Po niedawnym proteście części dziennikarzy przeciwko nowemu dyrektorowi Programu III PR Jackowi Sobali i ściągnięciu przez niego do radia prawicowych dziennikarzy, głos zabrał Wojciech Mann.
– Politycy PiS chcą zrobić z radiowej Trójki tubę propagandową. Jeśli tak dalej pójdzie, to nie widzę siebie w tym radiu – stwierdził w wywiadzie dla "Newsweeka" Mann, który od wielu lat jest związany z Trójką.
Pytany, czy odejdzie z rozgłośni, odpowiada: – Jeszcze w niej jestem. Ale mam straszny problem. Przypominam sobie swój powrót do radia po bojkocie mediów w stanie wojennym. Niestety, to, co dzieje się teraz w Trójce, przypomina mi PRL.
"To nasza wewnętrzna sprawa"
Sobala, który w poniedziałek spotkał się z Mannem, twierdzi, że wszystko sobie wyjaśnili. – Nie ma mowy o rozstaniu z panem Wojciechem. Szanuję jego prawo do własnych poglądów – mówi "Rzeczpospolitej" dyrektor Trójki. A potem szybko ucina: - W każdej rodzinie zdarzają się nieporozumienia. To nasza wewnętrzna sprawa.

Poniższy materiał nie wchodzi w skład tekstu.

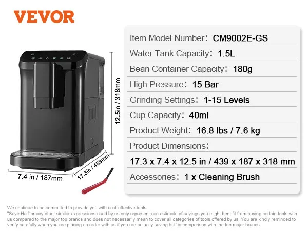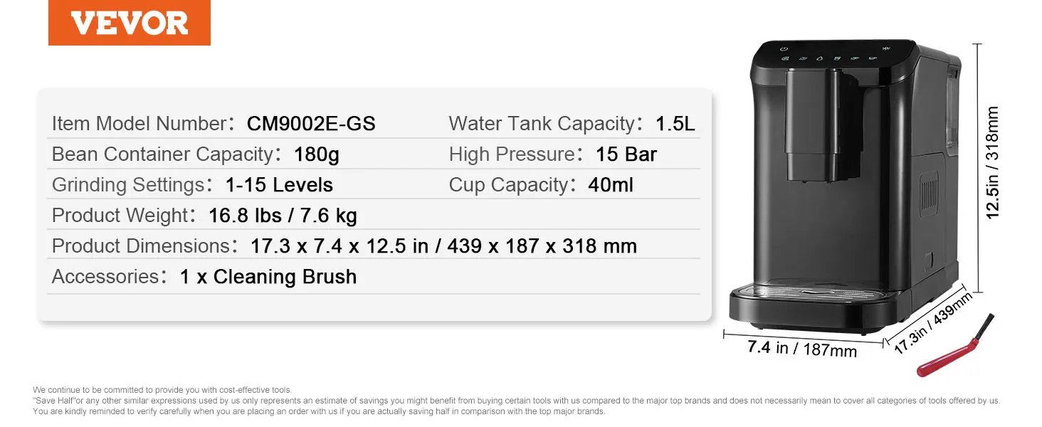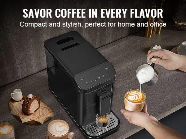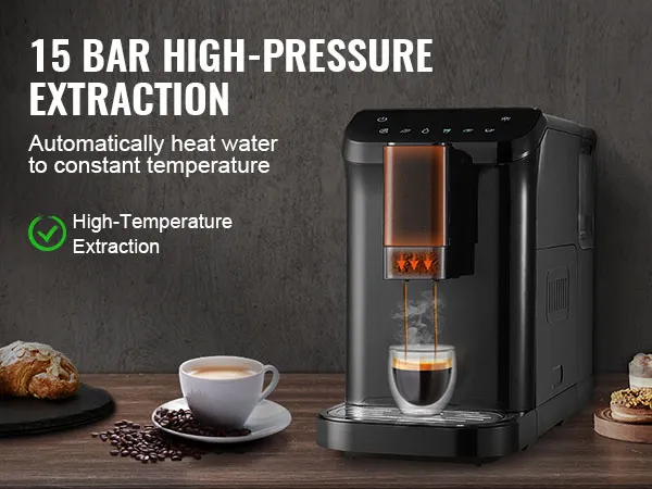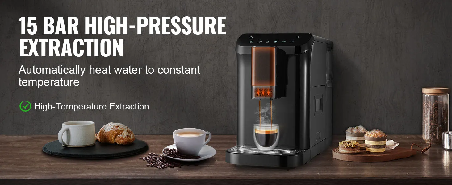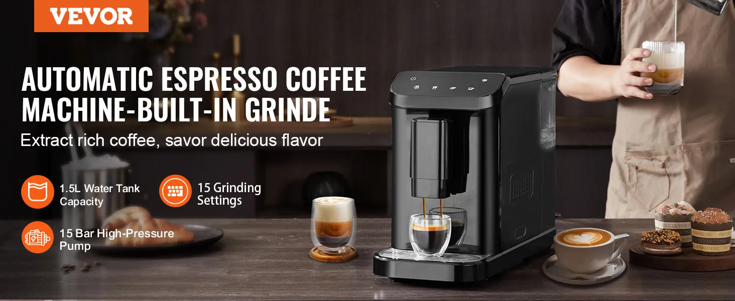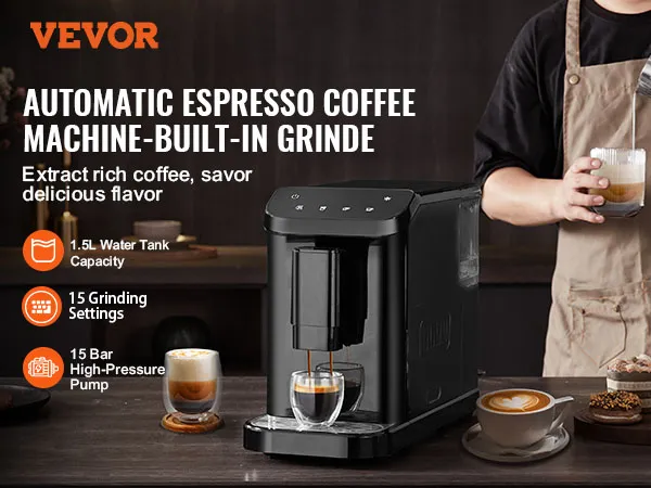 VEVOR automatic espresso machine combines convenience and performance to deliver the perfect cup of coffee. Featuring a built-in grinder with 15 adjustable settings, and 15-bar high-pressure extraction, it effortlessly transforms your favorite beans into a rich, aromatic espresso.

Również Mann stara się tonować nastroje. – To nie był wywiad z pozycji jednej opcji politycznej przeciwko drugiej. Raczej próba zwrócenia uwagi, by polityka nie wypierała z Trójki np. muzyki – mówi "Rz". I dodaje: - Przedstawiłem panu Sobali swoje stanowisko i myślę, że przyjął je ze zrozumieniem.
Czy w Trójce będzie mniej polityki? – Zaprosiłem do współpracy kilku publicystów i nie zamierzam z nich rezygnować – mówi Sobala. – Z badań wynika, że pasma publicystyczne w Trójce mają najwyższą słuchalność.